Inside roll

Idea: Core:
Five grades such as the ruler (dual pointer) are actually useless. Only the number of A grades is restricted in the questions, so the grades are divided into A grades and non-A grades.
To find the minimum difference between the maximum and minimum values, it must be sorted.

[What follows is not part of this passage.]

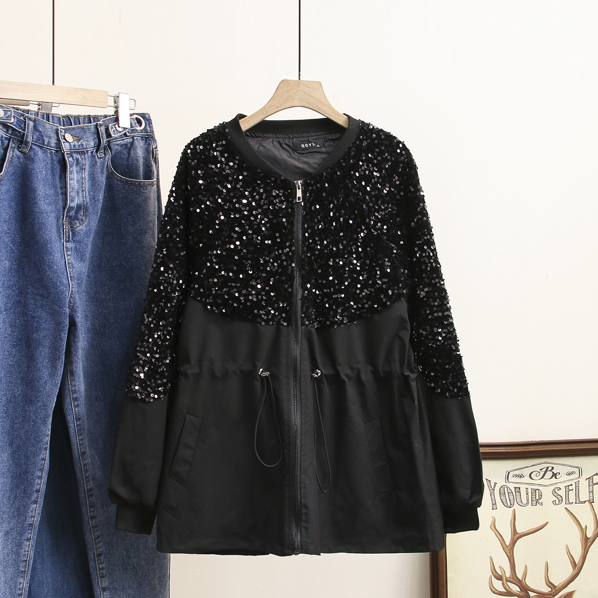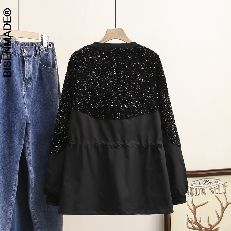 Spring Women Jacket Oversize Fashion Casual Clothes Female coats sequined Splice Drawstring waist chaqueta de mujeres

In what order?
The first keyword is naturally based on the score, and the second keyword is sorted according to whether it is A.

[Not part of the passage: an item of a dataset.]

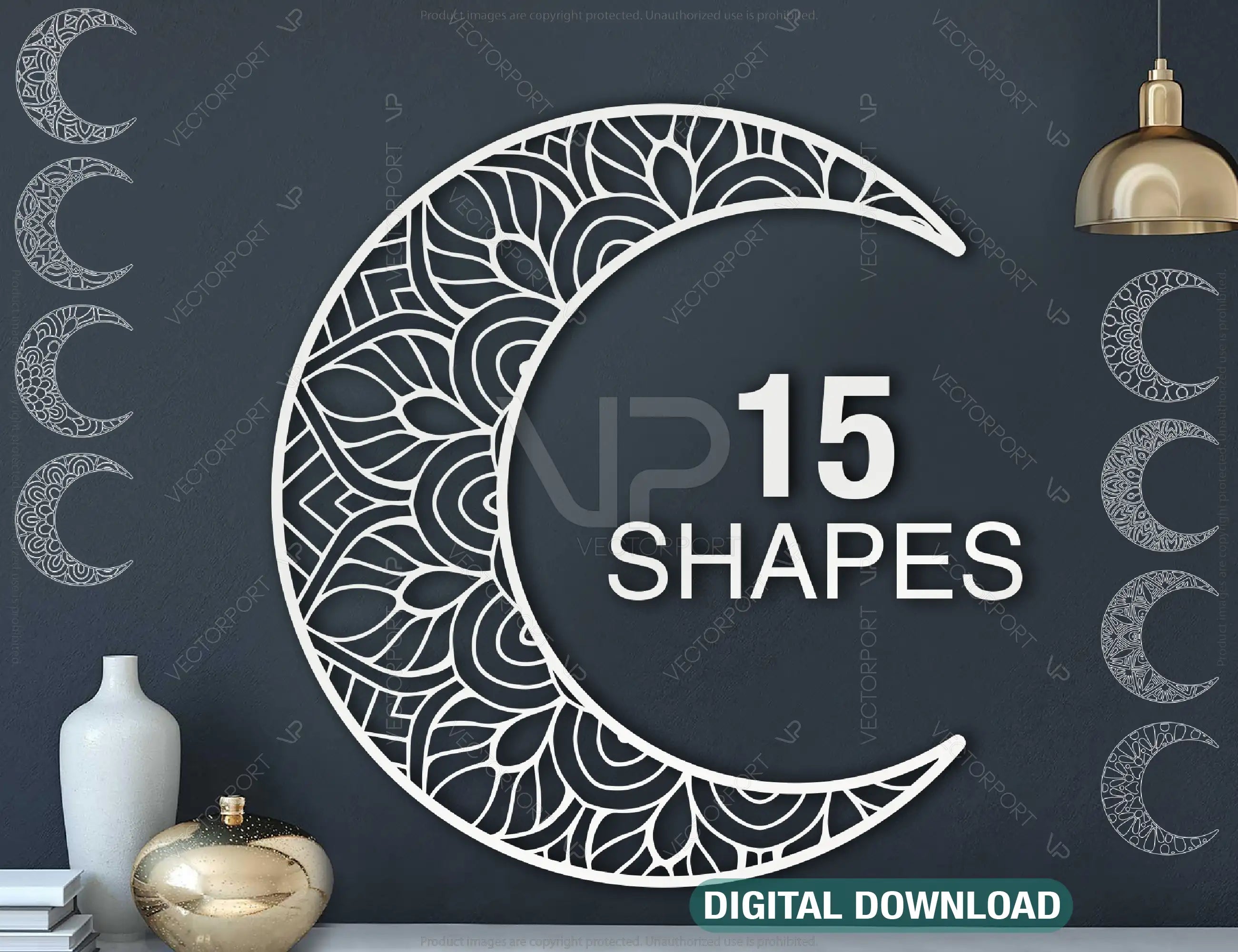 Moon shape Mandala Wall décor | SVG, DXF, AI |#021|

A student who chooses an A score will limit the choice of subsequent students' scores (one less person can choose A), so you can choose a non-A score as far as possible, leaving more choices for latecomers.
The so-called ruler takes, the right pointer does not need to move to the left, because the meaning of the question on the left will be dissatisfied (the number of people selected will be less).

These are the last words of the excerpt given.